In figures 4, 5 and 6 presents the image of the dispenser 1 when viewed from the side in section, and for greater clarity of the image, some details, such as nozzle, are not shown. Dispenser 1 is shown at rest, in the activation position, and in the activation position for enhanced product delivery.

The figure 4 presents the dispenser at rest. In this position, part of the lever 10 with the impact section 13 is adjacent to the outer wall of the tank 3, so that the lever 10 does not swing around the axis 11, and, accordingly, the transmission of force through the lever 10 to the valve 2 is impossible. In this position, the effective stroke of the lever to act on the valve 2 is absent. For this, the actuator 20 by means of control 23 is turned around the axis 24 so that the stop portion 22 is on the platform 21 in such a position that no pressure points are provided to the pressure portion 14 of the lever 10.

The figure 5 presents the dispenser 1 in the activation position.

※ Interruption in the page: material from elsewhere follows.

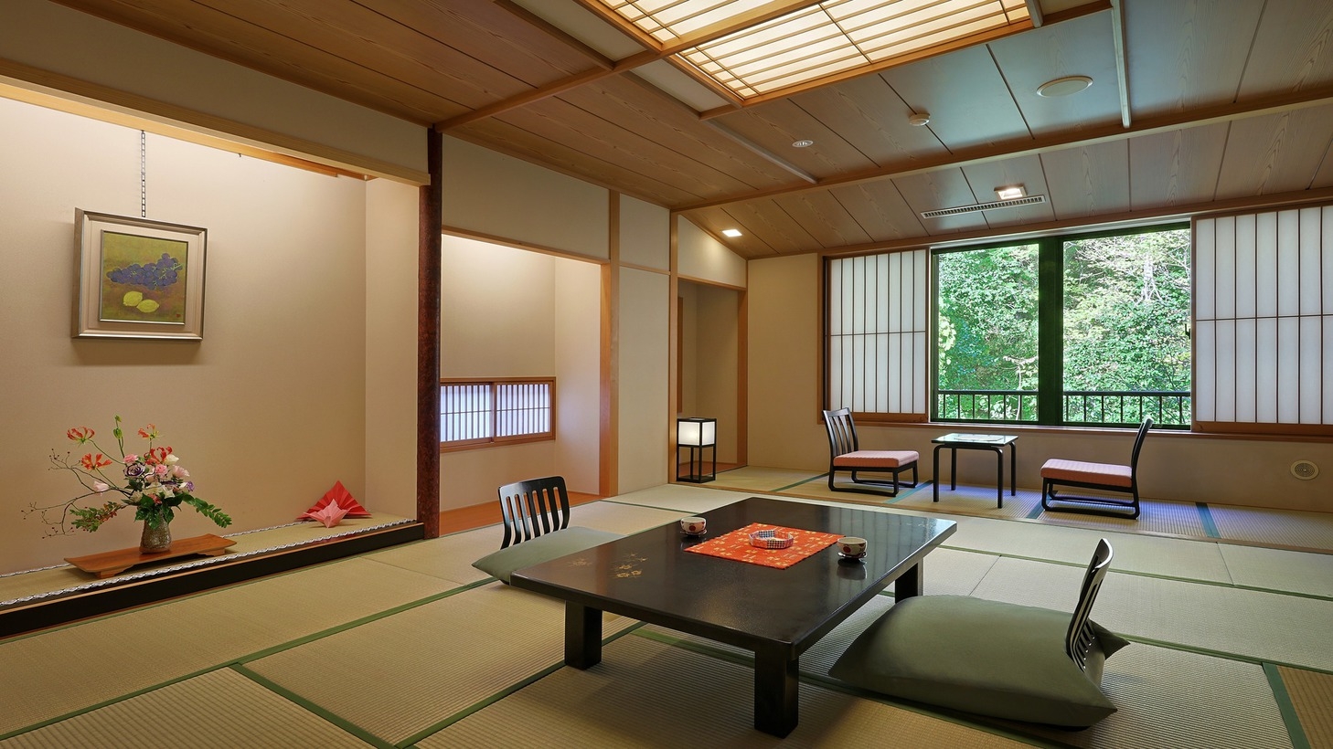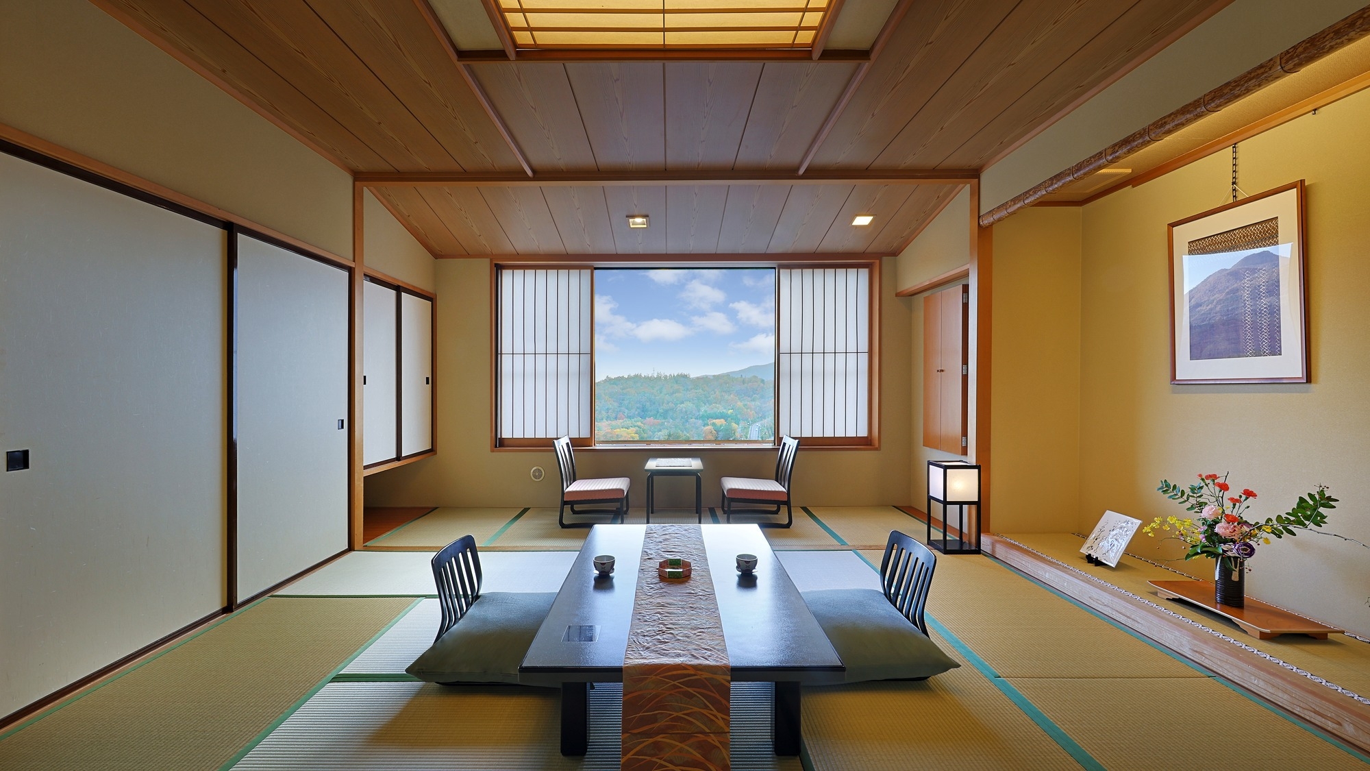 異なる間取りの和室は、それぞれに独自の魅力を持ち、どのお部屋も蔵王の壮大な景色を堪能することができます。

To do this, the actuator 20 by means of control 23 is turned around the axis 24 so that under the lever 10 on the stop portion 22 on the platform 21 there is an impact point 25. Thanks to the platform 21, the lever 10 when shifting the actuator 20 was shifted along the stop portion 22 in the direction of the side product output valve 2. The consequence of this is the deviation of the lever 10 around the axis 11, thereby increasing the angle between the part of the lever 10 with the impact section 13 and the outer wall of the tank 3. Now the user can apply force to the impact section 13 in the direction of the tank 3 and swing the lever 10 around the axis 11. Due to this, the force exerted by the user is transmitted through the pressure section 14 of the lever 10 to the impact point 25 and, therefore, to the valve 2, which causes the valve 2 to move in the direction capacity 3. In the activation position of the dispenser 1 there is a sufficiently effective lever stroke to act on the valve 2 in order to dispense the product.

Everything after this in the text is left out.